Edmonton was very different circa 2007. A lot sleepier, a lot more gap-y urbanism, and perhaps most importantly, something you can't see in the photos, the attitude and vibe is quite different. That's something I wouldn't even say you'd say for Montreal as much - yes certain areas have changed feel, but the city still overall is the cool big city, very bilingual, youthful, historic, triplex-heavy, and there's still a je ne sais quois about it, and a sense of importance that it had a decade ago because of its legacy of being the powerhouse of Canada previously.
Compared with Calgary, the growth, until the mid-'00s, was slower, such that Metro Calgary finally overtook Edmonton in the early '00s. The '90s were a lot nicer to Calgary than Edmonton. Downtown was pretty dead - there was Whyte Ave and nothing else. The calibre of city projects was a lot lower quality then too. This is something I suppose you could say for most Canadian cities, but most Canadian cities weren't building power centres and gated communities right downtown in the same way Edmonton was in the late '90s and '00s (which was at the time the only real new development the city's core was seeing).

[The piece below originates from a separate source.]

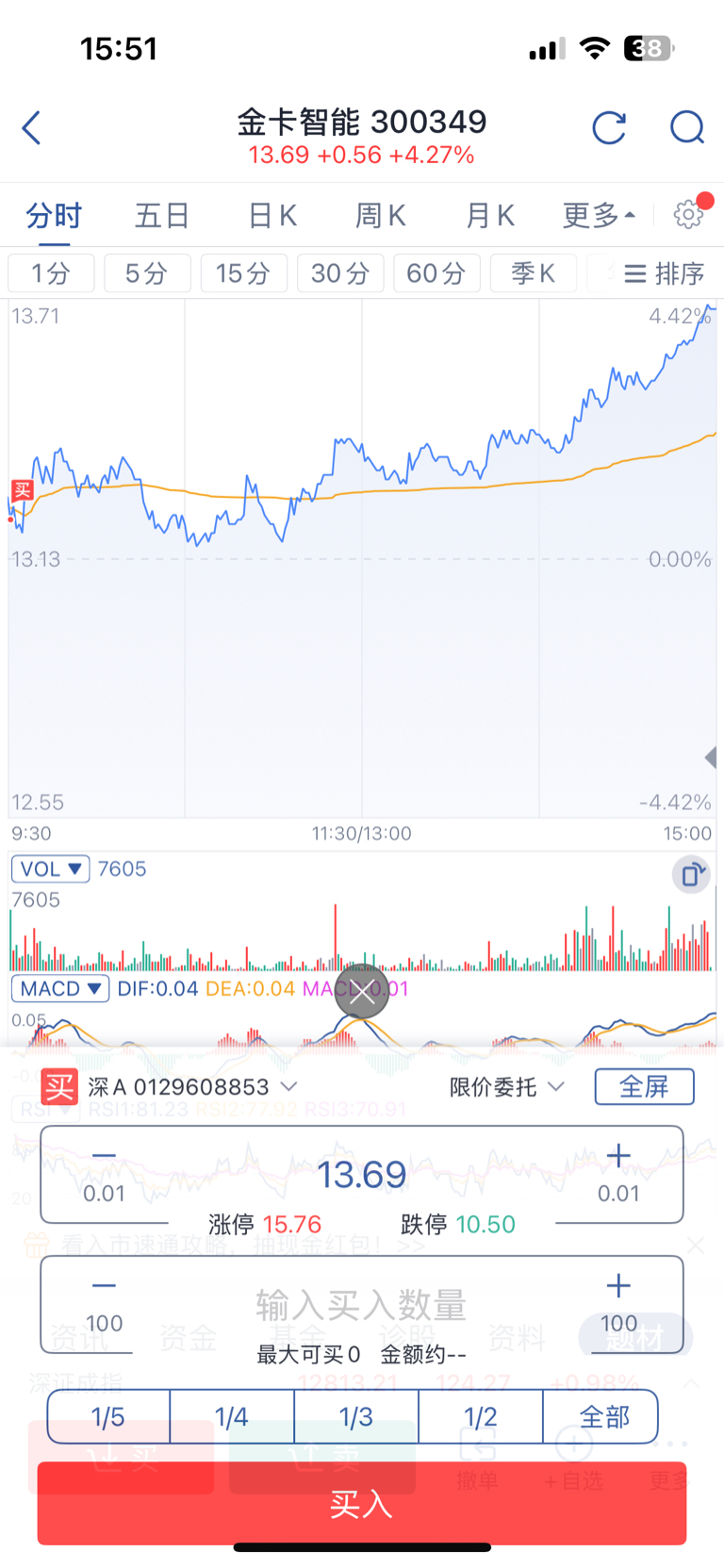 $金卡智能(SZ300349)$ 开盘买了,买少了

The attitude in Edmonton is also a lot more optimistic. Maybe not Calgary-level, but the city has been shedding its parochial inferiority complex. Edmontonians are less down on their city, which is really interesting to see. A lot of people move to the city and actually enjoy it and want to stick down roots. Think about it - Edmonton went 21 years without building a new office tower downtown and then less than a decade later built the tallest building in the country outside of Toronto. It went 15 years without building any new LRT, and is now doing consecutive LRT expansions and new LRT lines without skipping a beat. Edmonton went from the South LRT extension to the Metro Line to the Valley Line Southeast and now is starting the Valley Line West.